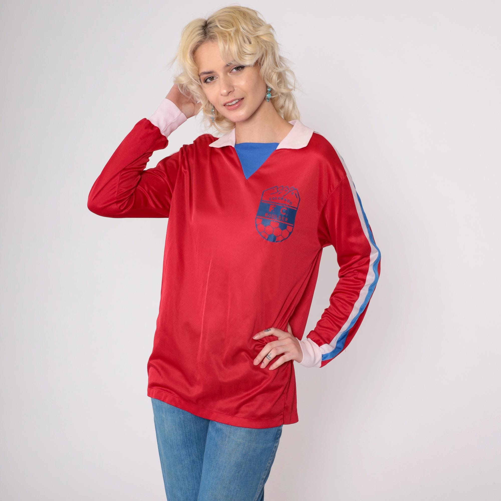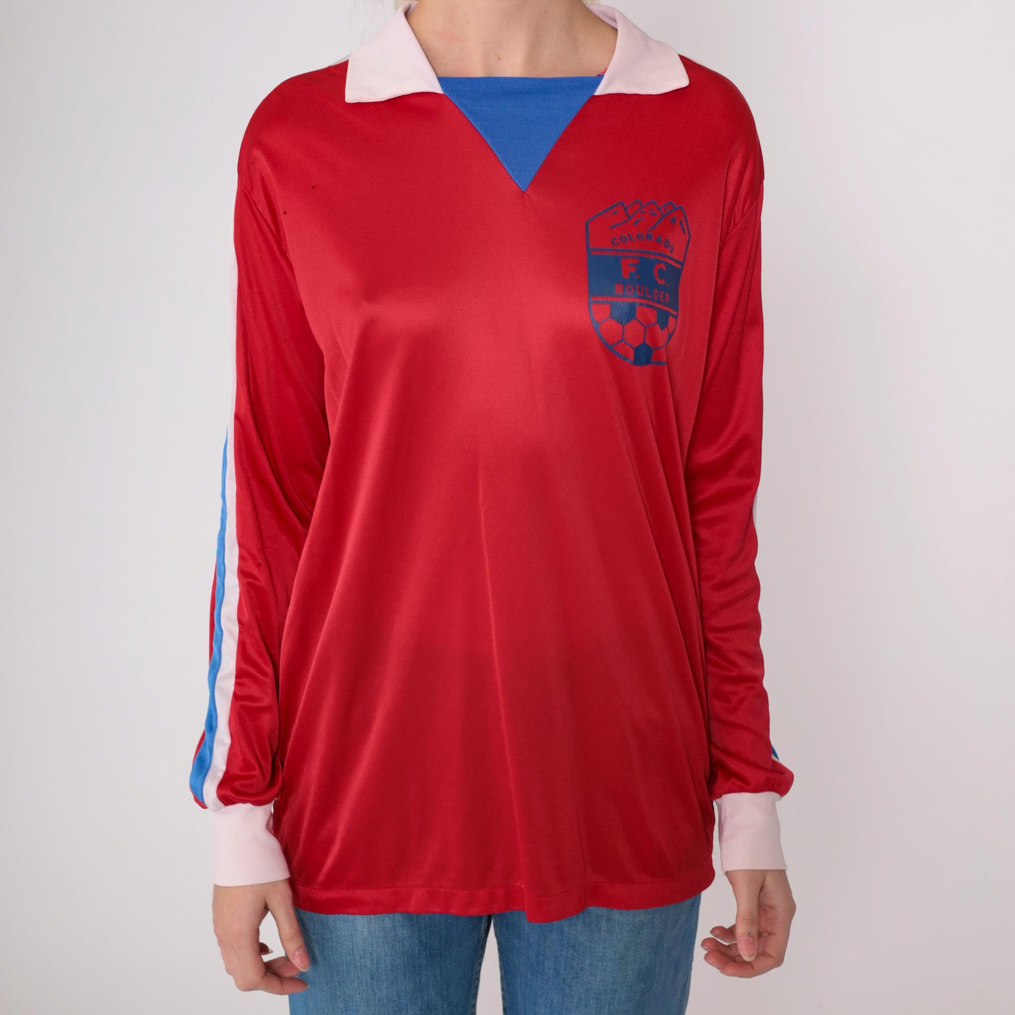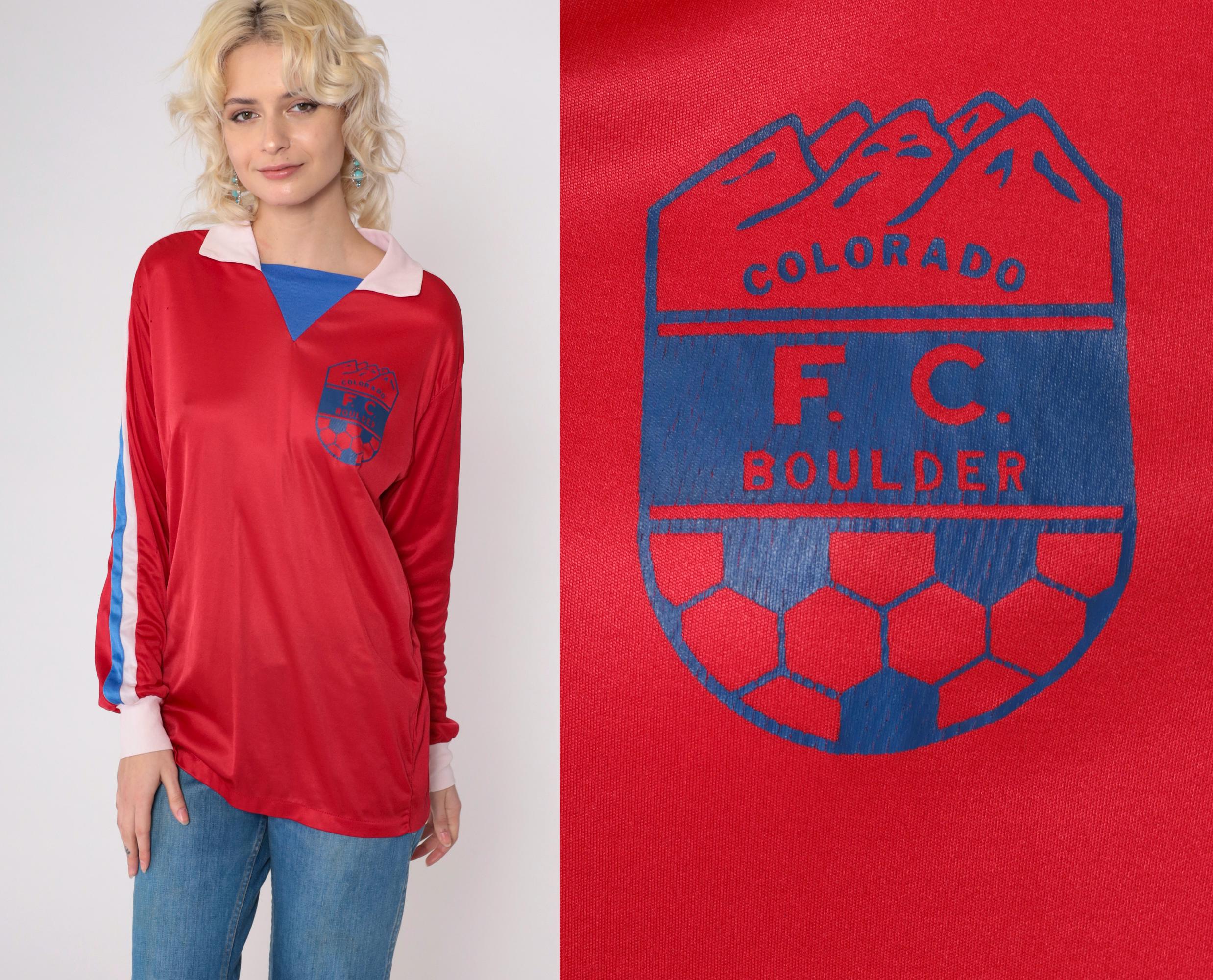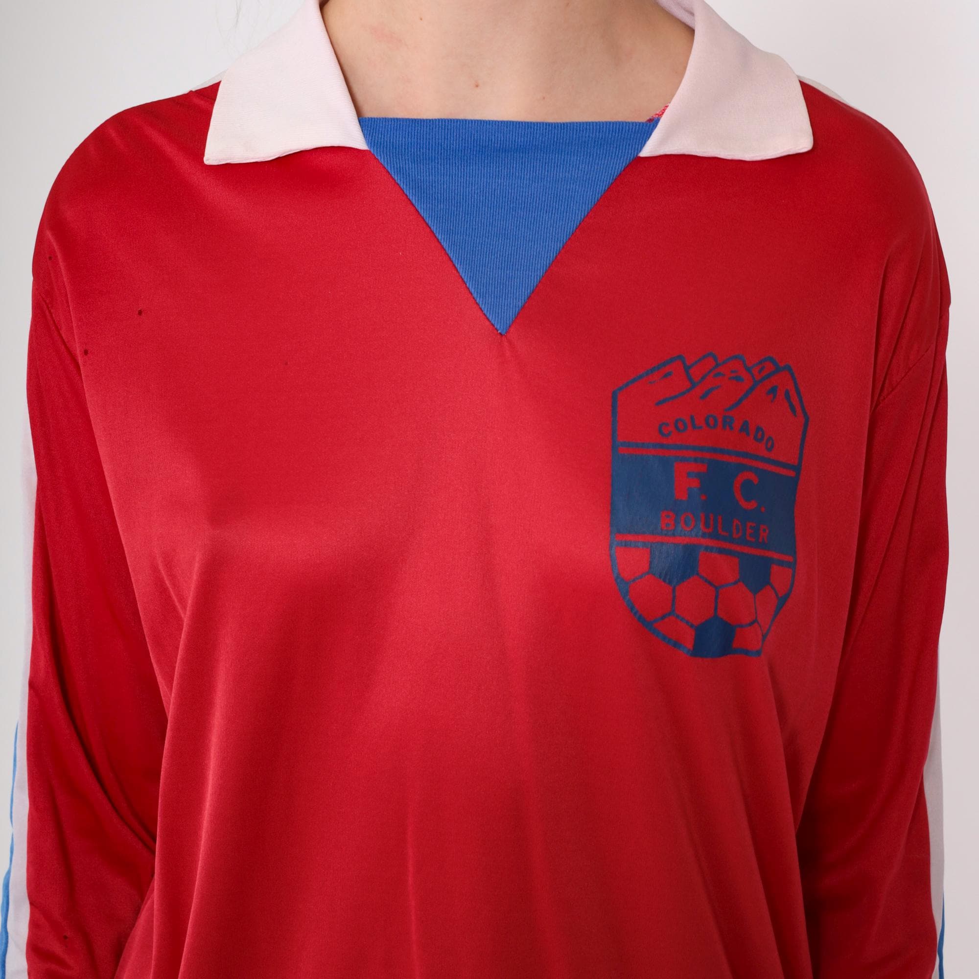 Vintage long sleeve soccer jersey from Colorado FC Boulder, featuring a red base with contrasting blue and white stripe details on the sleeves. The jersey has a classic v-neck with a white collar and the team's emblem printed on the chest.
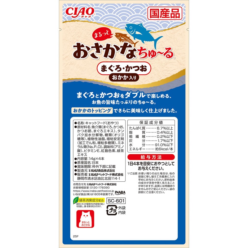 CIAO まるっとおさかなちゅ〜る まぐろ・かつお おかか入り 14g×4本
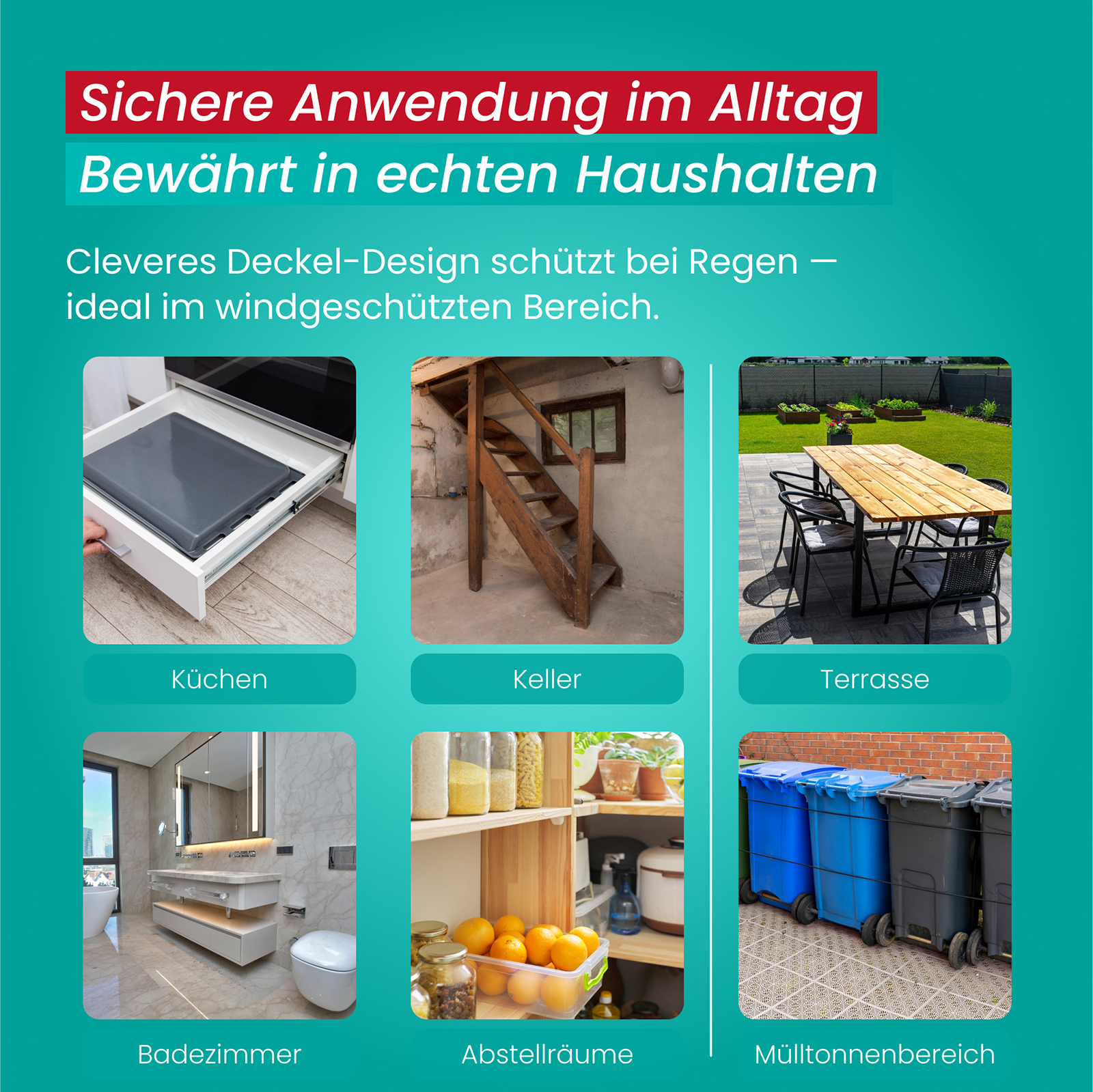 Idéal pour une utilisation dans les cuisines, les réserves, les terrasses, etc.
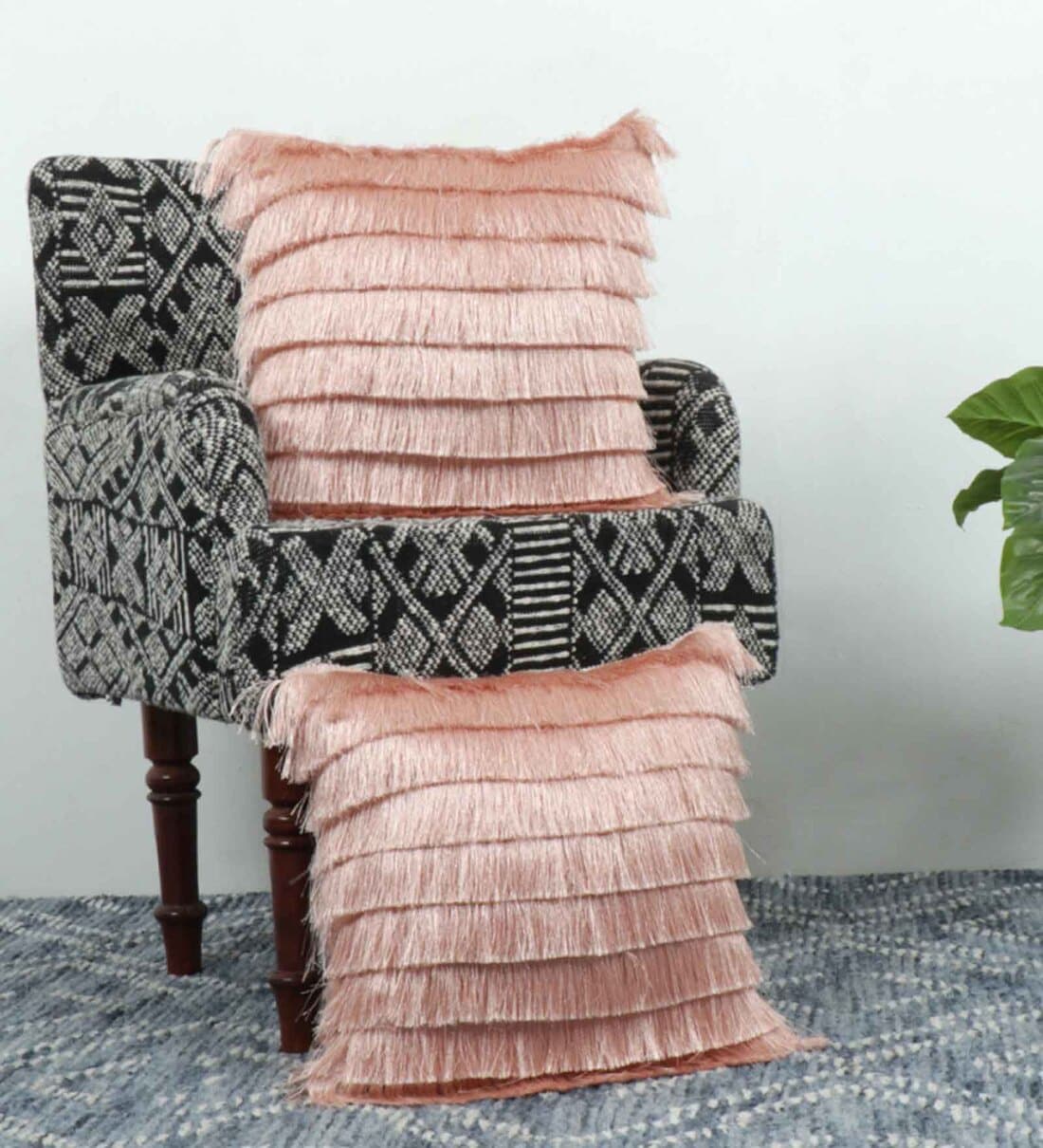 Peach Textured Cotton 16 x 16 Inches Cushion Covers (Set of 2)
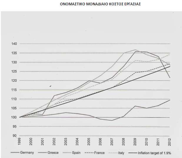 Το διάγραμμα που παραθέτω προέρχεται από μια μελέτη που έκανα το 2013 από κοινού με το Χάινερ Φλάσμπεκ για λογαριασμό του Ινστιτούτου Ρόζα Λούξεμπουργκ στη Γερμανία. Δείχνει τη μεταβολή του ονομαστικού μοναδιαίου κόστους εργασίας στη Γερμανία, τη Γαλλία, την Ιταλία, την Ελλάδα και την Ισπανία. Το ονομαστικό μοναδιαίο κόστος εργασίας είναι ο πλέον διαδεδομένος δείκτης ολικής, ή εθνικής, ανταγωνιστικότητας, διότι λαμβάνει υπόψη του τις αλλαγές στην παραγωγικότητα και εστιάζει στις αλλαγές του συνολικού κόστους εργασίας.
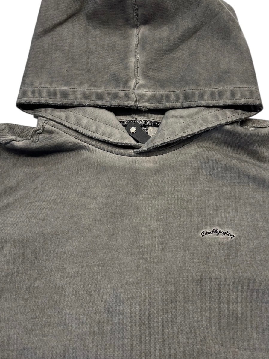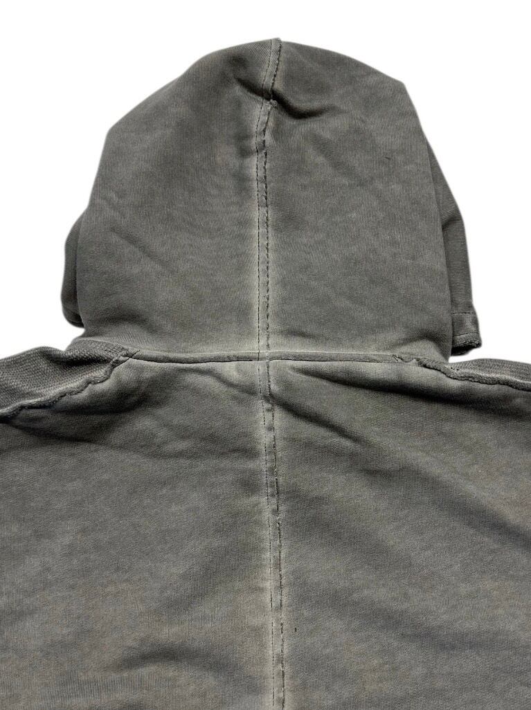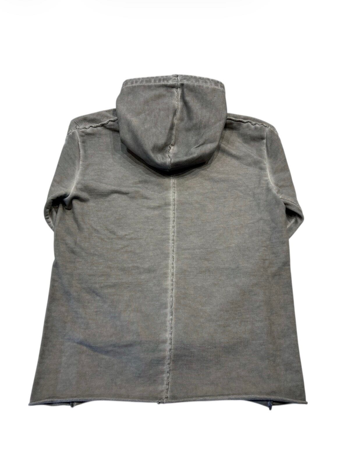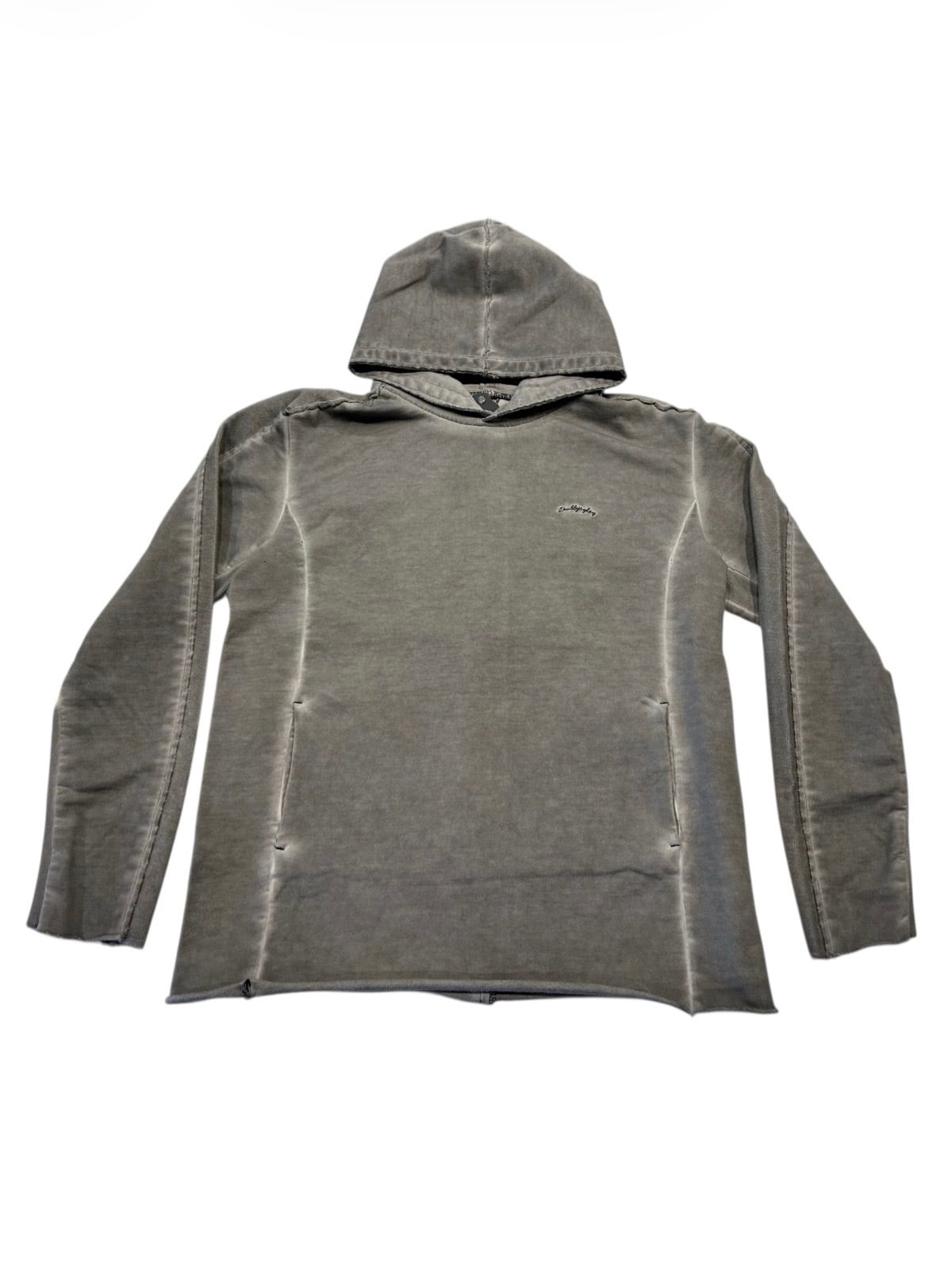 随所の断ち切りで粗野感を演出したプルオーバーパーカー。

§ **TASK REQUIREMENTS**: Your copy should hold only the lines from the line with "Idéal pour une" through the end of the data above, both ends included, transcribed exactly and without pictures.

§ **EXERCISE ANSWER**:
 Idéal pour une utilisation dans les cuisines, les réserves, les terrasses, etc.
 Peach Textured Cotton 16 x 16 Inches Cushion Covers (Set of 2)
 Το διάγραμμα που παραθέτω προέρχεται από μια μελέτη που έκανα το 2013 από κοινού με το Χάινερ Φλάσμπεκ για λογαριασμό του Ινστιτούτου Ρόζα Λούξεμπουργκ στη Γερμανία. Δείχνει τη μεταβολή του ονομαστικού μοναδιαίου κόστους εργασίας στη Γερμανία, τη Γαλλία, την Ιταλία, την Ελλάδα και την Ισπανία. Το ονομαστικό μοναδιαίο κόστος εργασίας είναι ο πλέον διαδεδομένος δείκτης ολικής, ή εθνικής, ανταγωνιστικότητας, διότι λαμβάνει υπόψη του τις αλλαγές στην παραγωγικότητα και εστιάζει στις αλλαγές του συνολικού κόστους εργασίας.
 随所の断ち切りで粗野感を演出したプルオーバーパーカー。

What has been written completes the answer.